I-joists are part of a carefully planned floor system
With I-joists, system is the operative word. A floor framed with I-joists is designed as a package with all its components specifically located in the overall structure. This is different from conventional framing, where joist size is selected based on maximum span and then is used for an entire floor. In an I-joist floor, components have the same depth, but flange widths, joist spacing, and attachment details can vary throughout the system to make the most-efficient use of materials.
The first step in building an I-joist floor is having it designed. I provide lumber suppliers with complete sets of building plans, which they pass along to one or more engineered-lumber vendors. In a week or two, each vendor sends me floor-framing plans and quotes for the I-joists, beams, blocking, hardware, and other material.
It’s important to review the engineer’s floor-framing plans carefully, especially to make sure that they work with the builder’s plans.

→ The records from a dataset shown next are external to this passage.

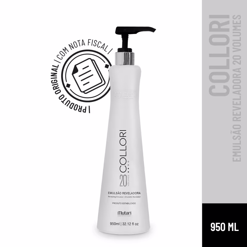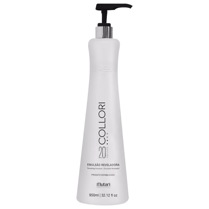 Oxidante com 20 volumes exclusivo para uso profissional. Mutari Collori oferece emulsão reveladora cremosa, com segurança.
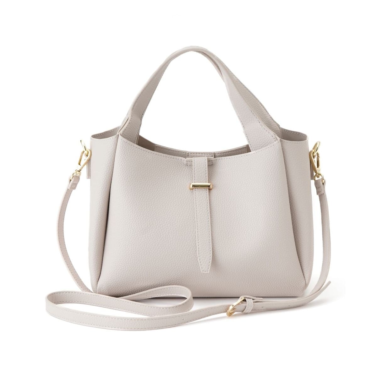 オンオフ問わず幅広いシーンに寄り添う、上品な2WAYトートバッグ。シボ感のあるリッチな風合いの合成皮革と、きらりと光るゴールドの金具が高級感を演出します。取り外し可能なストラップ付きで、その日の気分や服装に合わせてスタイルの変更が可能。マチが広く、長財布やポーチなど日常の必需品がしっかり収まるサイズ感も魅力です。通勤から休日のお出かけまで、シーズンレスで活躍する頼れるアイテムです。
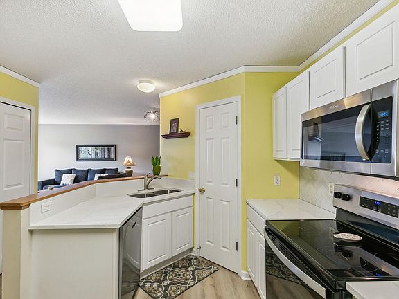 Meticulously kept townhome is beautifully finished. Beautiful luxury vinyl flooring on the main floor (24) flows from the living room to the eat-in kitchen. Spacious living room overlooks the large private patio, optional dining area off living room. Bright & cheerful eat-in kitchen boasts of new SS appliances (24), new Quartz countertops (24) and tiled backsplash (24), fresh paint, updated white cabinets, new sink & faucet, walk-in pantry, crown molding & plenty of table space. Updated main half bath includes new sink & vanity, mirror, light fixture, paint & wainscot. Tranquil primary bedroom has vaulted ceiling, huge walk-in closet & pass-through full bath. Fantastic sunroom off the bedroom offers great space for a home office, den, or baby nursery. Secondary bedroom is spacious, ready for your hobbies, convenient laundry room with washer & dryer (21) plus storage shelves. New water heater (23), furnace/AC inspected & certified (24). This home shines inside and out! Welcome home!

Sometimes the engineers miss a key element and design a framing plan that doesn’t accommodate the plumbing or the ductwork, or they might specify some details that experience has taught me to avoid. On the other hand, an engineer sometimes simplifies and improves the structure by coming up with a framing plan that I hadn’t envisioned.
I also review the attached materials list carefully. If the engineer has specified a lot of mixed, short-length pieces, I often combine them into longer lengths that can be cut to length on site. The longer lengths are easier to handle, reduce waste, and give me a margin for error if I make a cutting mistake later or find a damaged piece in the pile. Blocking panels, which are short lengths of joist used to transfer loads over bearing walls, are often listed as a pile of separate 2-ft.-long I-joists, but I can save myself some money by getting these short pieces out of cutoffs instead.
I also always buy one extra of the longest joist just in case; if I don’t use it, I can return it. I check the beams, too, because I often can combine them into continuous lengths that are stronger and can be installed faster. Finally, I check the hardware list. If the engineer has specified hardware items that I’m unfamiliar with, I look them up in the catalog to see how they are installed.